Стремительным быстрым шагом, Бенджамин направился в свою коморку. Взглядом, обведя комнату, он остановился на небольшой полке, на которой был расположен чистый пергамент, а также небольшая стопка полученный писем. Рука скользнула меж сложенных пачкой пергаментных листьев, нащупав гладкие свежесрезанные ветви. Приготовленные заранее они ждали своего часа и вот он наступил. Проведя острыми палочками по щеке, Бенджамин забегал вперед своих мыслей, пытаясь предугадать свои ощущения. Да, это то, что он хотел, то, что требовало его тело. Встав на колени, мужчина скинул с себя одеяния, оставшись полностью нагим. Замахнувшись, он резко ударил. Удар пришелся на спину. Прожигающая телесная боль пронзила тело, и не в силах сдержать порывистый крик он дал выход боли, копившейся внутри.
«Это тебе за неё» - решил Бенджамин сам за себя. В тот миг перед его глазами встал ребенок. Он ясно слышал её дыхание, такое слабое и прерывистое, как будто сейчас прислонился к её тельцу, чтобы распознать в ней жизнь. Сколько раз он полный решимости хотел проведать оставленного ребенка, но всегда его что-то останавливало.
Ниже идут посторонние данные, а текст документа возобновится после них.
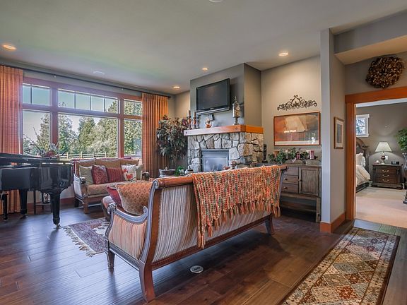 Picture Perfect Country Estate! Situated on 2+ acres w/immaculate landscape & gardens. Enjoy warm summer evenings on the expansive patio. Relax in 2 levels of spacious living: open floor plan, vaulted ceilings, upscale finishes. Luxurious master on main floor w/ oversized closet, walk-in shower & jetted tub. Gourmet kitchen w/ tons of counter & storage space, stainless appliances, newer hardwoods, huge entertainment/media room & more! Separate 1344 square foot shop with 12' doors & RV parking.

Не имея уверенности в том, что девочка жива, он истязал себя муками за совершенный шаг. Не проходило и дня, чтобы он не обращал молитвы за спасение своей души перед Господом за то, что взял на себя такой грех.
Новый удар. Закусив губу, он сдержался. Теперь в его голове была Идгит. Все события этого года связанные с ней. На протяжении всего времени она не оставляла попыток вернуть его. Ведь она была уверена, что он никуда не денется, и будет терпеть все ее выходки. Но это не так. Он нашел в себе силы на то, чтобы дать ей отпор. А ведь она говорила, что любит, что он ей нужен…
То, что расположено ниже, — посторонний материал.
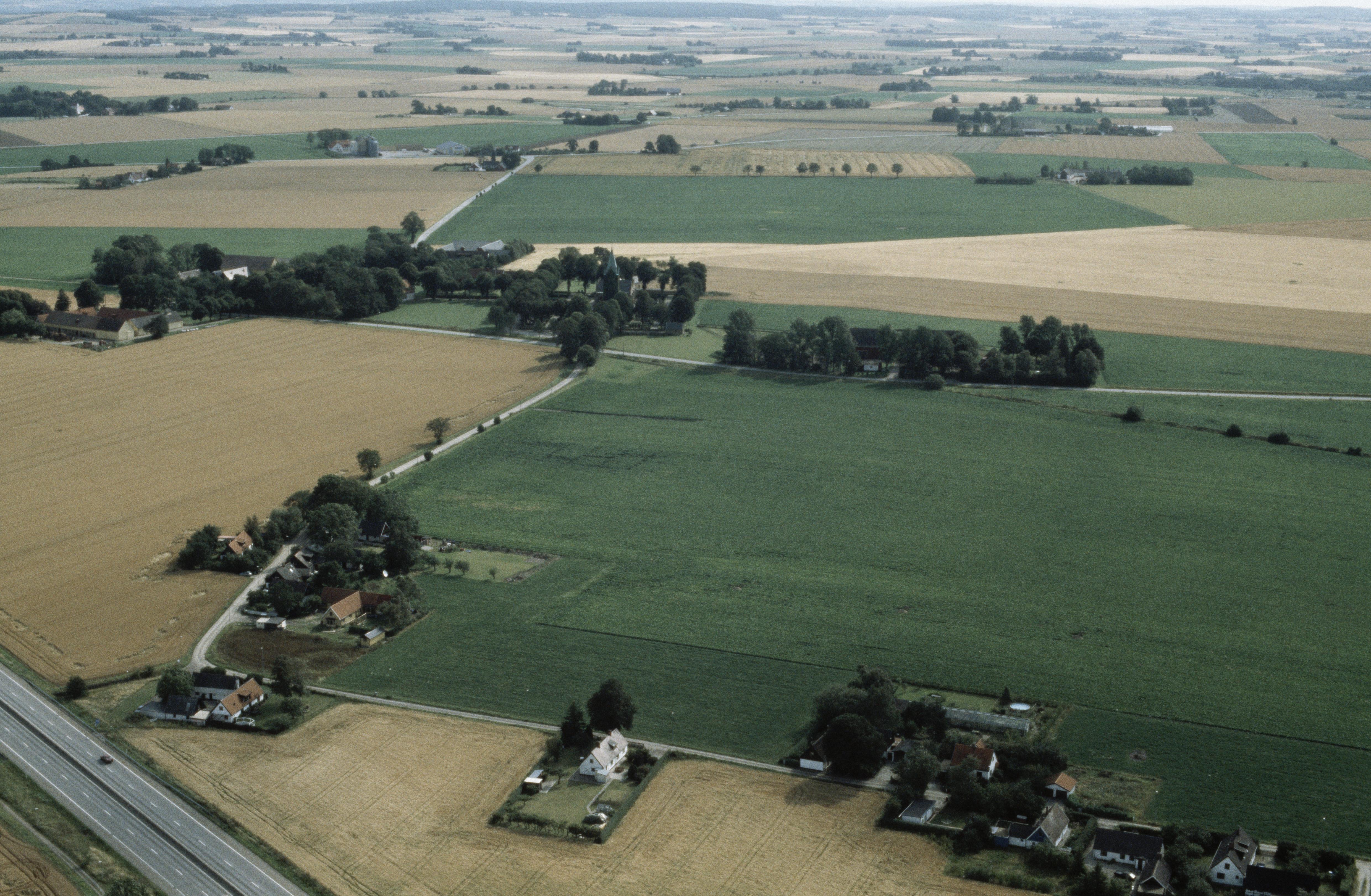 Beskrivning: Uppåkra kyrka och kyrkby till vänster om bildens mitt. Bilden är tagen mot (väderstreck): Ö

Бенджамин снова ударил себя. Лицо Идгит признающееся ему в любви вызвало отвращения. За этими словами скрывалась пустота – ничего. Сколько раз он пытался призвать её к ответственности. Сколько раз вынуждал признать свою неправоту, но нет. Она до конца была уверена в том, что сделала все правильно и готова была пожертвовать собой, лишь бы не отказываться от своих слов. А ему так важно было, что б она поняла, осознала. Что она только не делала в попытках вернуть его. Соблазнения, гнев, истерика – все попытки обращались прахом. Она кричала, что ненавидит его, что он сломал ее жизнь, пытаясь ударить, чтобы хоть как-то зацепить его и вывести на эмоции, но он только все больше закрывался в себе. Невыносимость мысли, что впервые в жизни она прилагает все усилия, чтобы получить желаемое, но не может это получить доводило ее до безумия. Идгит плохо спала, мало ела, практически не выходила из комнаты, пока не перестала совсем показываться на люди. Иногда у неё случались обострения, и она начинала без умолку выкрикивать его имя, но это случалось не часто. Дети боялись её. Она осталась одна, наедине с самой собой и правдой, которую решила пронести через жизнь. И только тихие ночные рыдания давали понять, что она жива.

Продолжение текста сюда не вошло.